» **TO DO**:
Once the line holding "全体がマスタードイエローにボ" is found, output it and all remaining lines of the data exactly, with every picture left out.

» **DATA SEGMENT**:
________

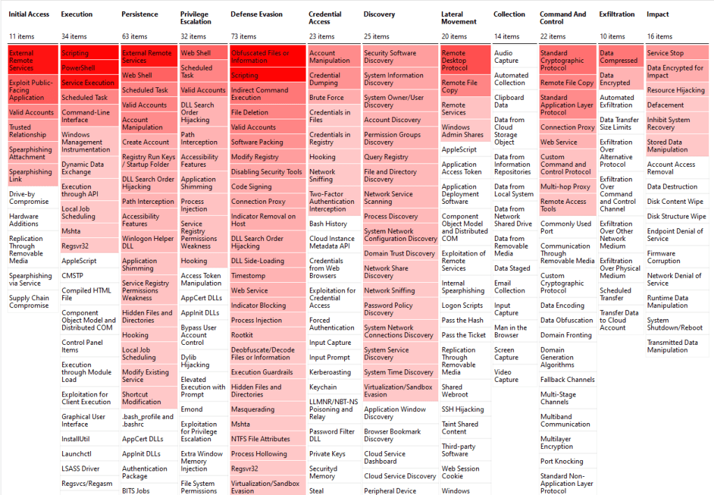 The figure below depicts the relative prevalence of threat Tactics, Techniques & Procedures (TTPs), courtesy of the Detect Tactics, Techniques & Combat Threats (DeTT&CT) team and Fireeye’s M-Trends report. The TTPs are mapped on the MITRE ATT&CK navigator. The darkness of the red shading represents the TTP prevalence.
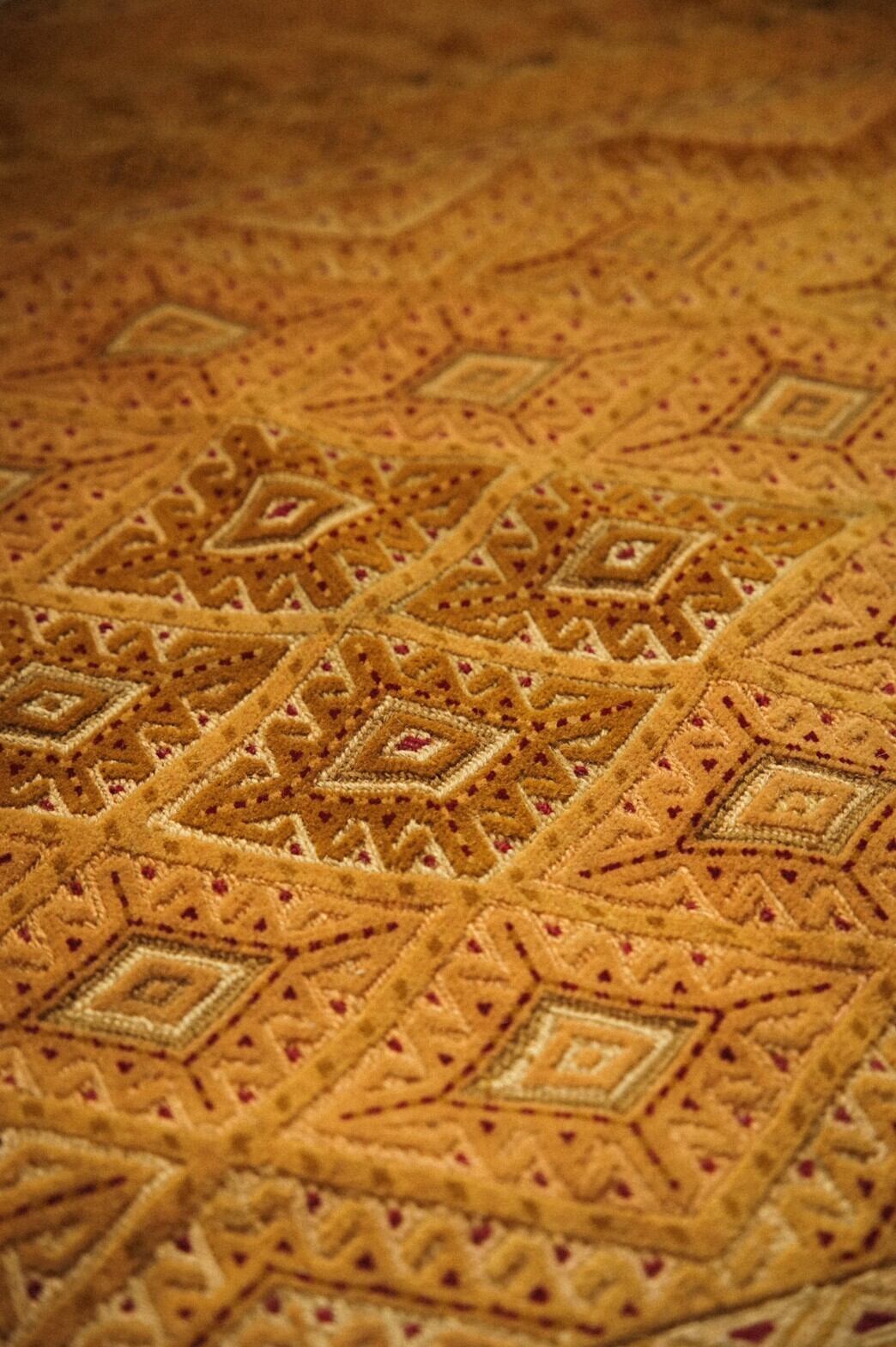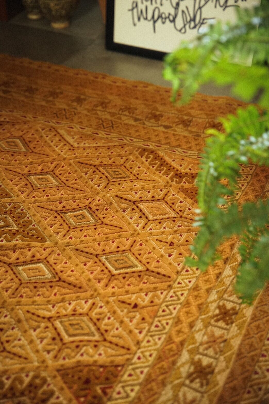 全体がマスタードイエローにボルドーの組み合わせがとてもエレガントな雰囲気の一枚。
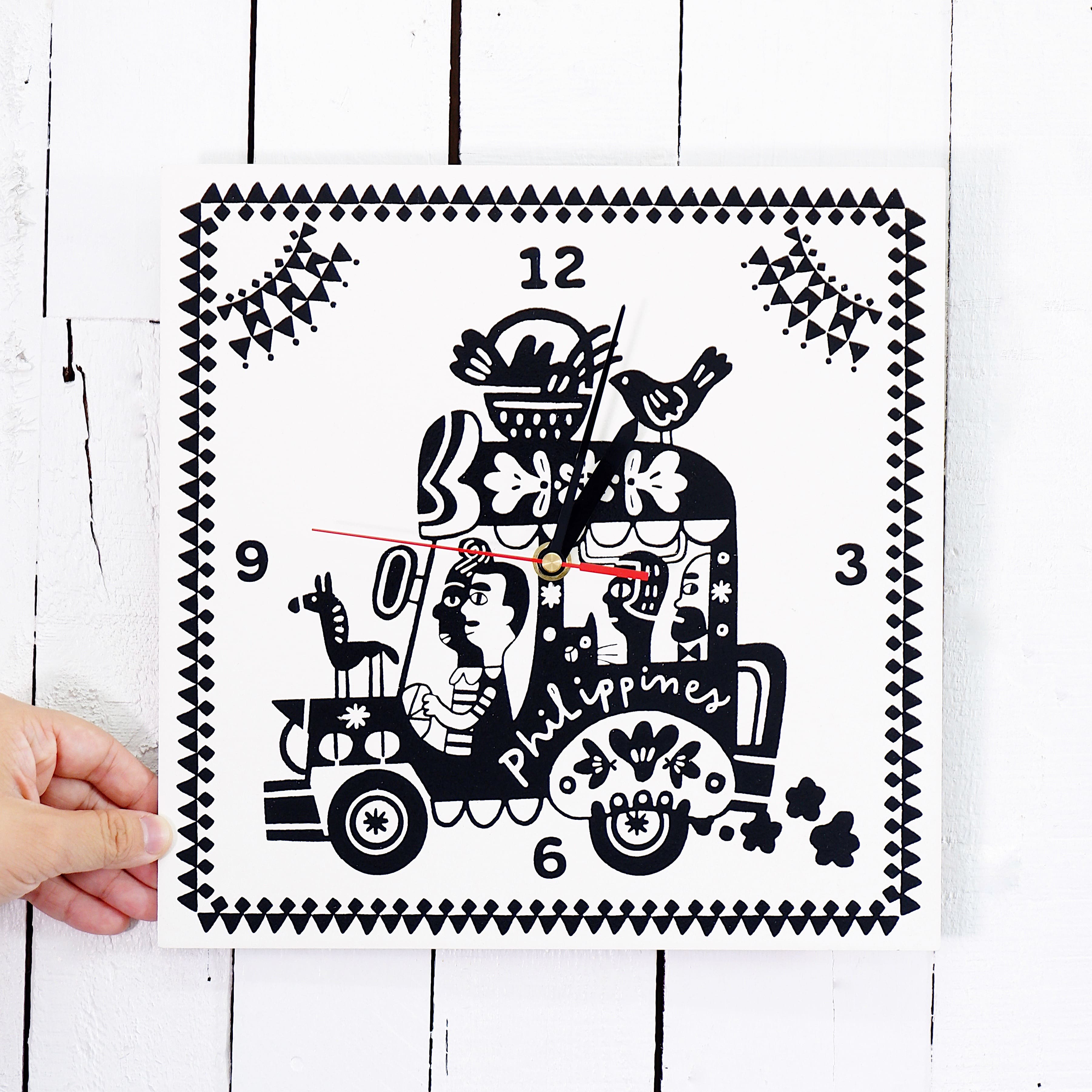 Keep track of the time with this inspirational papemelroti wall clock with an original illustration of the popular Philippine jeepney. Decorate your own home or give it as a gift.
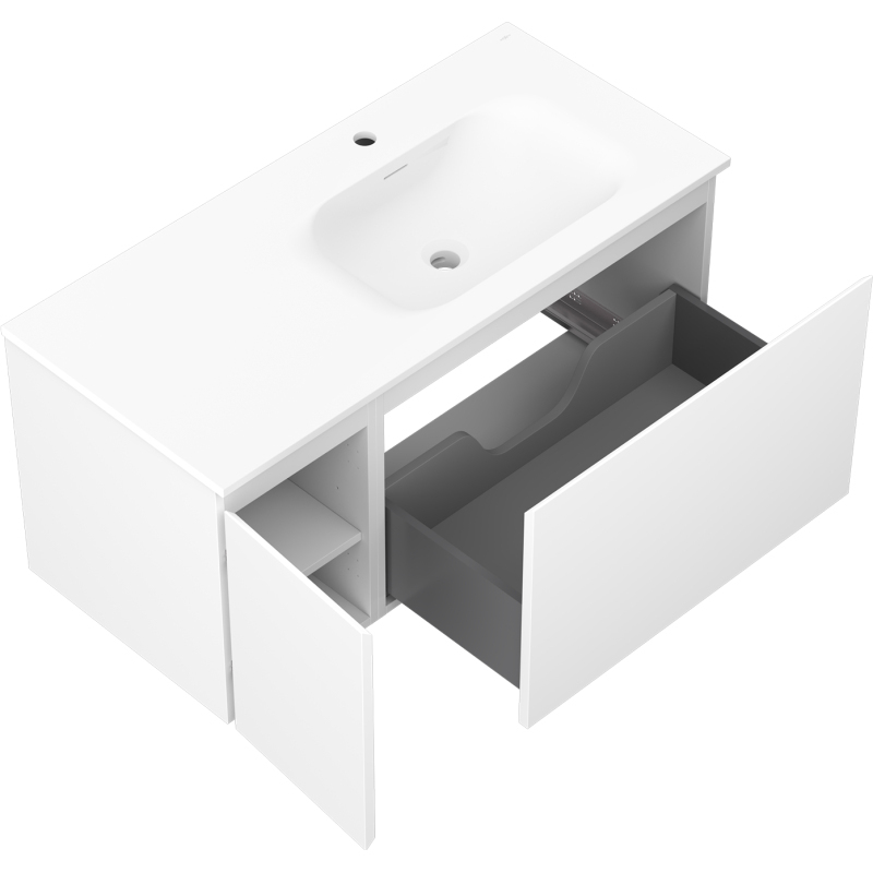 Kúpeľňová skrinka Mexen Orio 100 cm s umývadlom Vela pravá, 1S, 1D, matná biela - 91A13-10047-3-BBFF01-W23P01

________

» **OUTPUT FOR THIS TASK**:
 全体がマスタードイエローにボルドーの組み合わせがとてもエレガントな雰囲気の一枚。
 Keep track of the time with this inspirational papemelroti wall clock with an original illustration of the popular Philippine jeepney. Decorate your own home or give it as a gift.
 Kúpeľňová skrinka Mexen Orio 100 cm s umývadlom Vela pravá, 1S, 1D, matná biela - 91A13-10047-3-BBFF01-W23P01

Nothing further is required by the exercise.